Chris Katulka: Steve, I am so glad that you're back in the studio after being gone for a little bit. And, we missed you here. But, while you were away, we started a Divine Portraits of God series, where we're looking at God through various lenses of the Bible, stories throughout the Bible to help give us a context of who God is. And last week we looked at creation. This week, we're going to look at God through the lens of the 10 plagues, which I think will be very fascinating.
Steve Conover: It is great to be back. But first in the news, Russian President Vladimir Putin is scheduled to meet with Iranian Supreme Leader Ayatollah Khamenei during a visit to Tehran. This according to the Times of Israel. The trip signifies a new trilateral relationship between Turkey, Iran, and Russia. Turkish President Erdogan will also be heading to Tehron to meet Putin and Khamenei. The leaders will be meeting to discuss the future of Syria to which all three have interest in the region.
Chris Katulka: Well, Steve here's my take. As Israel continues to make friends with much of the Arab world, the blossoming relationship between Turkey, Iran, and Russia fit perfectly with the alliance found in Ezekiel chapter 38 and 39. The battle of Gog and Magog. A war fought against Israel. Again, another reason to be praying for the peace of Jerusalem.

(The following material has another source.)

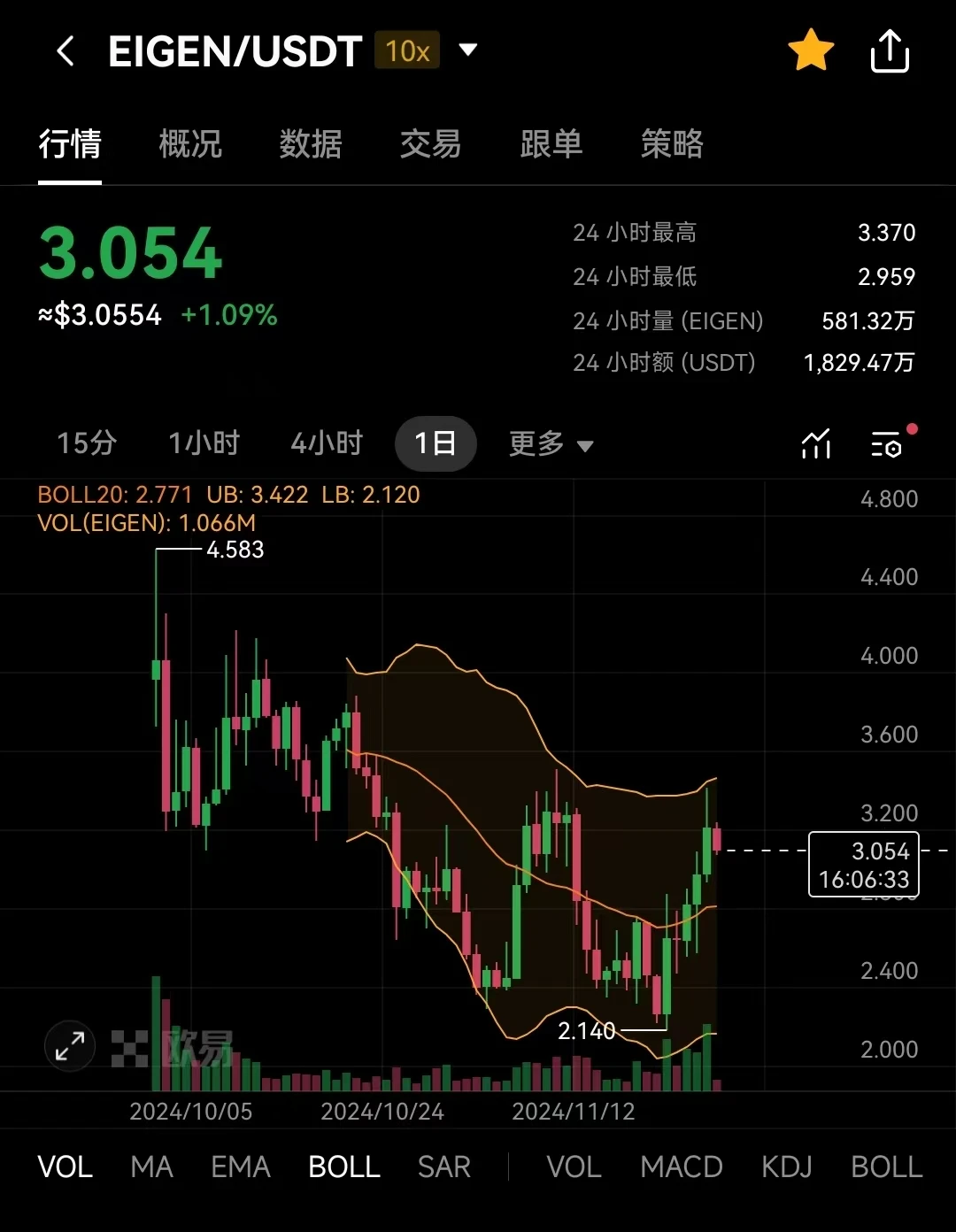 再质押板块方面,EigenLayer( EIGEN)继上周尴尬的创下历史新低后反弹态势相当强劲,在 BTC 大幅回调的情况下暂时守住了 3 枚美元的关键位置。 作为赛道龙头的基石级协议, EIGEN 的后续走势预计将较大影响 ether.fi(ETHFI)、Renzo(REZ)、Puffer(PUFFER)等生态项目的后市表现。

Chris Katulka: We're continuing our study on the divine portraits of God, where our desire is to show you from a Jewish perspective, the divine portraits of God from various angles of the scripture. While over the course of the next few weeks, we're going to see many different perspectives. And last week, we looked at God as the sovereign creator over everything. And I'll tell you, just as we were releasing the episode from last week about God being the sovereign creator, all of a sudden new images from the James Webb Space Telescope were transmitted back to earth. And some of the first pictures of distant galaxies, glimpses of space never seen by the human eye before, images further and clearer than we've ever seen, all of a sudden now show us the beauty and the structure of the universe. And I just think about our creator, God, just as we talked about last week, that holds everything together by his sovereignty, by his grace.

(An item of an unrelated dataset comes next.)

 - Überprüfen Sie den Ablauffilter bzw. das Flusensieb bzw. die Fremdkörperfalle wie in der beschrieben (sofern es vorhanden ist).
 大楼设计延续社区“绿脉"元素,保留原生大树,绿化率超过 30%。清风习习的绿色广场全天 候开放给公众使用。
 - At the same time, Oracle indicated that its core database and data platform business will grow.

And if you didn't get a chance to listen to last week's program, then please be sure to visit foiradio.org to get caught up on this series. Again, that's foiradio.org. Now, today we're going to look at God through the lens of the 10 plagues. What was God saying about himself when he brought the 10 plagues to Egypt? Now there's a section during the Jewish Passover Seder, when the family recites the 10 plagues. As they name each plague, they dip their finger in a glass of wine and they put a dot on their plate. So that at the end, there are 10 red dots on each person's plate and they can see the plagues visually. Now, Jewish people are reciting the 10 plagues to remember how God delivered them from Egypt. And he did this through acts of judgment against the Egyptians, because Pharaoh refused to let the Israelites go.
Now, the act of taking your wine and putting dots on the plate, as you recite each plague goes back to the middle ages actually. It's a time of joy, but it's also a time of sadness. One 15th century rabbi wrote this, "By spilling a drop of wine from the Pesach..." That's Passover, "The Pesach cup from each plague, we acknowledge that our own joy is lessened and incomplete, for our redemption had to come by means of the punishment of other human beings. And even though these judgements are just punishments for evil acts..." It says, in Proverbs 24:17, "Do not rejoice at the fall of your enemy."

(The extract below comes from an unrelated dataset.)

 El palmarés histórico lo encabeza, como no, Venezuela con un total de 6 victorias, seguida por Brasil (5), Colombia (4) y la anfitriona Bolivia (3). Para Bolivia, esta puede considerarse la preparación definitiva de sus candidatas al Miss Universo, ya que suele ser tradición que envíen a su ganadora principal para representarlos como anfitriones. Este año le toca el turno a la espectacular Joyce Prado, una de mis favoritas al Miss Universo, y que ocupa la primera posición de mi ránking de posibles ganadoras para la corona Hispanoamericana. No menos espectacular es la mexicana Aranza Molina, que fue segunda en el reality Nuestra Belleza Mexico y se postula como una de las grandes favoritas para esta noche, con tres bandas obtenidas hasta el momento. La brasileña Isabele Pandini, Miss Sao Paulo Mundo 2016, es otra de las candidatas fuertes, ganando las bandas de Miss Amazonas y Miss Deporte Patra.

And here are the 10 plagues. And I'll say them in Hebrew and then we'll translate them into English. The first one is dam, which means blood. And then tzfardeiya which means frogs. And kinim, which means lice. And arov, which means wild animals. And dever, which is pestilence. And shechin, which is boils. And barad is hail. And arbeh is locusts. And choshech, which means darkness. And finally, makat b’chorot, which means death of the first born.
Now, what do these 10 plagues tell us about God? Well first, all the 10 plagues go back to our first portrait of who God is. He's the creator. And listen, the creator had been ignored by the majority of his creation. God is going to use Moses, a mortal man who comes from his chosen people, the Israelites, to upend the gods of Egypt. And, the Egyptians, if you think about this, they were just about as polytheistic group of people that you could be in the ancient world. The cohort of Egyptian gods can number as many as 80. Their gods came to embody living creatures and even inanimate objects. So, for instance, lions, and oxen, and ram, and dogs, and cats, and falcons, and cobras, and frogs, fish, trees, and locusts, they were all considered to be sacred.
And the 10 plagues, really, if you think about it, are an indictment on the gods of Egypt. Just listen to Exodus chapter 12, verse 12. God says, "I will pass through the land of Egypt in the same night. And I will attack all the firstborn in the land of Egypt, both of humans and of animals. And on all the gods of Egypt, I will execute judgment. I am the Lord." Now, when God says in Exodus chapter 12, verse 12, when he says this, there could be some connection to an actual ancient Egyptian festival called Sed, a celebration when all the gods of Egypt would affirm Pharaoh as king.
Now, because of the 10 plagues, all of Egypt's gods must acknowledge the kingship, think about this, not of Pharaoh, but because the God of Abraham, Isaac, and Jacob destroyed and lays waste to Egypt, he's putting an indictment against the gods of Egypt. And ultimately, during this particular festival, the 10 plagues, all the "Egyptian gods" must acknowledge not the kingship of Pharaoh, but the kingship of the God of Abraham, Isaac, and Jacob, his name is Yahweh. Not a new enthronement, but a recognition of his ongoing power.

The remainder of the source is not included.